Notes on Using AI Agents for Work¶
These are my notes on this article from Ethan Mollick: "Real AI Agents and Real Work"
- OpenAI Created a new test for AI ability where they asked experts with +14 years of experience to design tasks that would take a human expert 4 to 7 hours to complete
- Human experts won (barely), however surprinsingly, the reason for most AI failures was formatting and instruction following issues rather than hallucinations and errors.

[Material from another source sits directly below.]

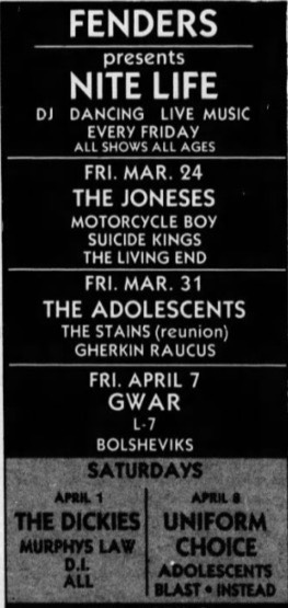 - 03/07/1987; Concert at Rockitz, Richmond, VA, USA. with Alter Natives & Fun Junkies.

- AI can't replace a job if it can't replace the complexity involved with human interactions as a whole
- Really interesting use of Claude 4.5 Sonnet to replicate results of papers given the relevant data
- small improvements in a model’s accuracy on single steps can add up to huge gains when tasks require many steps in sequence.
- Interesting benchmark I didn't know about METR measures AI's ability to complete long tasks
- I like this point Ethan makes about the importance of reflecting on why we do work and what it should look like to avoid drowning in a sea of AI generated content
- Simple workflow suggested by OpenAI is:
- Delegate to AI as a first pass
- review
- if not good enough, try a few attempts at correcting & instructing
- If still not good enough, do the work yourself
- Estimation is that this simple strategy could yield a 40% increase in speed and make work 60% cheaper (although not sure how they measured the later)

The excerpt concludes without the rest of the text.